Lewinski Nastassja A, Jimenez Ivan, McInnes Bridget T
Department of Chemical and Life Science Engineering, Virginia Commonwealth University, Richmond, VA.
Department of Computer Science, Virginia Commonwealth University, Richmond, VA, USA.
Int J Nanomedicine. 2017 Oct 12;12:7519-7527. doi: 10.2147/IJN.S137117. eCollection 2017.
A vast amount of data on nanomedicines is being generated and published, and natural language processing (NLP) approaches can automate the extraction of unstructured text-based data. Annotated corpora are a key resource for NLP and information extraction methods which employ machine learning. Although corpora are available for pharmaceuticals, resources for nanomedicines and nanotechnology are still limited. To foster nanotechnology text mining (NanoNLP) efforts, we have constructed a corpus of annotated drug product inserts taken from the US Food and Drug Administration's Drugs@FDA online database. In this work, we present the development of the Engineered Nanomedicine Database corpus to support the evaluation of nanomedicine entity extraction. The data were manually annotated for 21 entity mentions consisting of nanomedicine physicochemical characterization, exposure, and biologic response information of 41 Food and Drug Administration-approved nanomedicines. We evaluate the reliability of the manual annotations and demonstrate the use of the corpus by evaluating two state-of-the-art named entity extraction systems, OpenNLP and Stanford NER. The annotated corpus is available open source and, based on these results, guidelines and suggestions for future development of additional nanomedicine corpora are provided.
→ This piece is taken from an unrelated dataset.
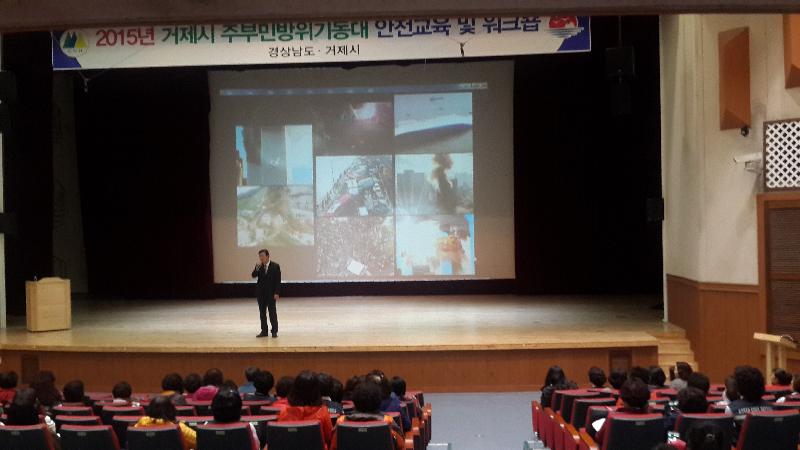 거제시 주부민방위기동대(대장 박춘옥)는 경남상도 및 거제시 주관으로 지난 17일 거제시청소년수련관에서 ‘2015년 주부민방위기동대 안전교육 및 워크숍’을 개최했다.

关于纳米药物的大量数据正在产生并发表,自然语言处理(NLP)方法可以自动提取基于非结构化文本的数据。带注释的语料库是NLP和采用机器学习的信息提取方法的关键资源。虽然有针对药品的语料库,但纳米药物和纳米技术的资源仍然有限。为了促进纳米技术文本挖掘(NanoNLP)工作,我们构建了一个带注释的药品说明书语料库,这些说明书取自美国食品药品监督管理局(FDA)的Drugs@FDA在线数据库。在这项工作中,我们展示了工程纳米药物数据库语料库的开发,以支持纳米药物实体提取的评估。对41种美国食品药品监督管理局批准的纳米药物的21种实体提及进行了人工注释,这些实体提及包括纳米药物的物理化学特征、暴露情况和生物反应信息。我们评估了人工注释的可靠性,并通过评估两个最先进的命名实体提取系统OpenNLP和斯坦福命名实体识别器(Stanford NER)来展示该语料库的用途。该带注释的语料库以开源形式提供,并基于这些结果,为未来开发更多纳米药物语料库提供了指导方针和建议。